Recorded information below:

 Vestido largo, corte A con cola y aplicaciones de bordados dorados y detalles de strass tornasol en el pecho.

End of Recorded information.
Recorded information below:

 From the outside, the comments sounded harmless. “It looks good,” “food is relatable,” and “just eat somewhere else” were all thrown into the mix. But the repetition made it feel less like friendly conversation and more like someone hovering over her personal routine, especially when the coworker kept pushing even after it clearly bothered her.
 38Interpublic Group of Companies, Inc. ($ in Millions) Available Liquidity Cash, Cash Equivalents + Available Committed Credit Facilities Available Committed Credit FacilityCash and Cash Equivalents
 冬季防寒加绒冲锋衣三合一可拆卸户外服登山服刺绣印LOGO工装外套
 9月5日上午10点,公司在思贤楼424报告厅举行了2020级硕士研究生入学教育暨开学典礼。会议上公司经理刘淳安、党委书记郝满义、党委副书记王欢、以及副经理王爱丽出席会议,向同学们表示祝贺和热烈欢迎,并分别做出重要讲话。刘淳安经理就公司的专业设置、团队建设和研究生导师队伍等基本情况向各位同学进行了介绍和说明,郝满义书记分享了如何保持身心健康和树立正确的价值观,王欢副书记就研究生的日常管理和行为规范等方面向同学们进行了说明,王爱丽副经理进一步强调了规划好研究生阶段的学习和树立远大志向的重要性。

End of Recorded information.

Activity =
Once you reach the line with "冬季防寒加绒冲锋衣三合一可拆卸户外服登山服刺绣印LOGO工装外套" in the data above, copy it and every line after it exactly, up to and including the line with "9月5日上午10点,公司在思".

Solved exercise =
 冬季防寒加绒冲锋衣三合一可拆卸户外服登山服刺绣印LOGO工装外套
 9月5日上午10点,公司在思贤楼424报告厅举行了2020级硕士研究生入学教育暨开学典礼。会议上公司经理刘淳安、党委书记郝满义、党委副书记王欢、以及副经理王爱丽出席会议,向同学们表示祝贺和热烈欢迎,并分别做出重要讲话。刘淳安经理就公司的专业设置、团队建设和研究生导师队伍等基本情况向各位同学进行了介绍和说明,郝满义书记分享了如何保持身心健康和树立正确的价值观,王欢副书记就研究生的日常管理和行为规范等方面向同学们进行了说明,王爱丽副经理进一步强调了规划好研究生阶段的学习和树立远大志向的重要性。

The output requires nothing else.